23. The method of claim 1, wherein said fermenter is an open fermenter and the culturing of said archaea is carried out in non-sterile conditions.

24. The method of claim 1, wherein said fermenter is made of glass, ceramic, plastic, cement, or said fermenter is an earth fermenter (earthen-bank pond).

25. The method of claim 1, carried out continuously.

26. A blend comprising a poly hydroxy alkanoate (PHA) and at least two additional polymers.

27. The blend of claim 26, wherein said at least two additional polymers each independently is a biodegradable polymer such as polylactic acid (PLA), polycaprolactone (PCL), keratin, cellulose, chitin, lignin, amylose, amylopectin, mucin, or a PHA different from said PHA; or a non-biodegradable polymer such as polyethylene terephthalate (PET, also known as polyester), high-density polyethylene (HDPE), polyvinyl chloride (PVC), low-density polyethylene (LDPE), polypropylene (PP), polystyrene (PS), polyethylene glycol (PEG), polyproplylene glycol (PG), polyvinyl alcohol (PVA), polyacrylonitrile (PAN), polymethacrylic acid or an ester thereof, poly(acrylonitrile-co-butadiene-co-styrene) (ABS), polyamide, polyacrylamide (PAM), polysiloxanes, grafted polymers, and dendrimers such as PAMAM.

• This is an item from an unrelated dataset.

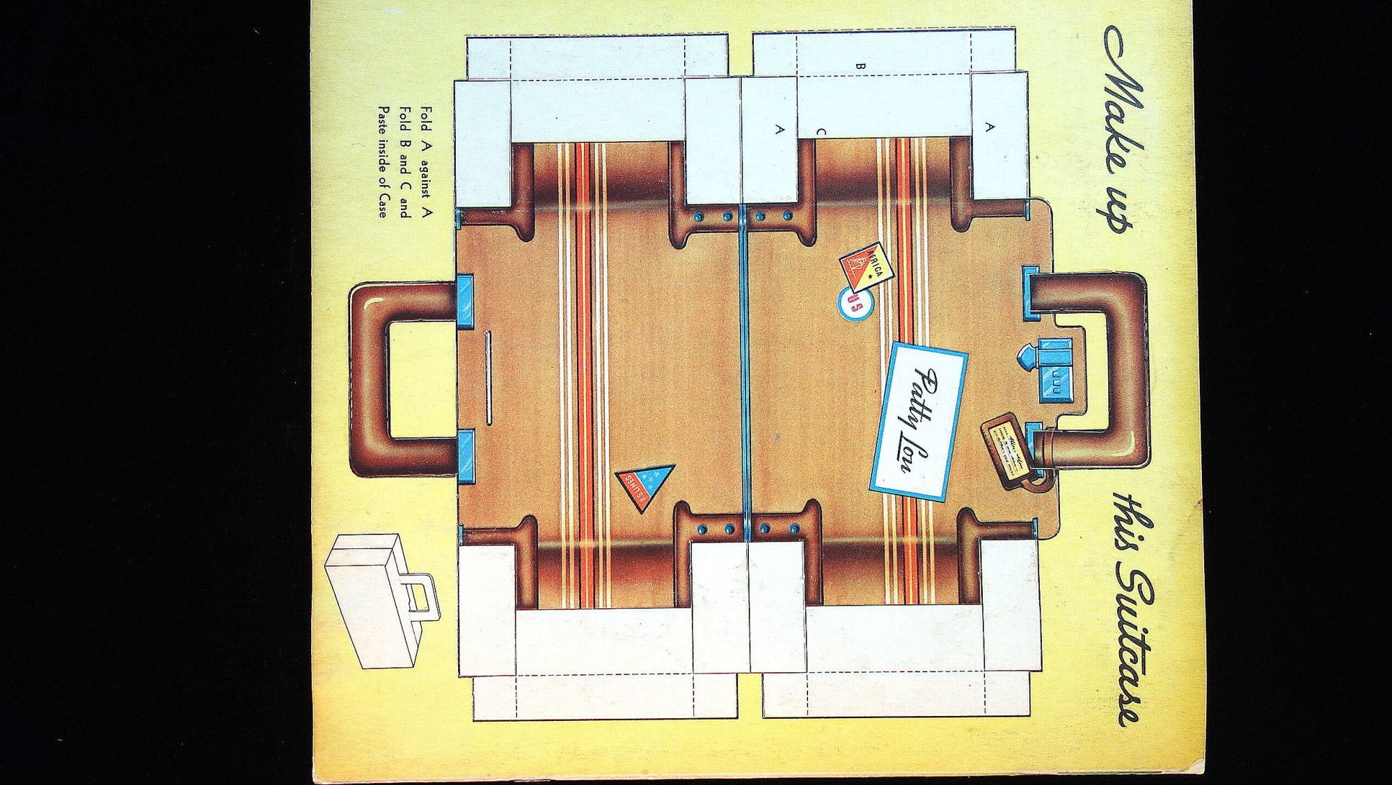 1940. Patty Lou has red hair and blue eyes and comes with clothes and accessories that include play clothes and toys, a fur coat, and seasonal outfits. There is a punch-out suitcase with her name attached.Measures 10 1/2" x 9 1/2": Whitman Publishing Co. Illustrated: Florence Winship1941. 1 Doll, 4 costume pages. slight wear on cover.

28. The blend of claim 27, wherein said at least two additional polymers comprise or consist of PLA and keratin.

29. The blend of claim 28, wherein the PHA:PLA ratio is between about 1 :99 to about 99:1, by weight, respectively.

30. The blend of claim 29, wherein the PHA:PLA ratio is between about 20:80 to about 40:60, e.g., about 25:75, about 30:70, or about 35:65, by weight, respectively.

31. The blend of claim 27, wherein one of said at least two polymers is keratin, and said keratin constitutes from about 1% to about 99%, preferably from about 10% to about 50%, by weight, of said blend.

32. An article comprising, or made of, a blend according to any one of claims 26-31.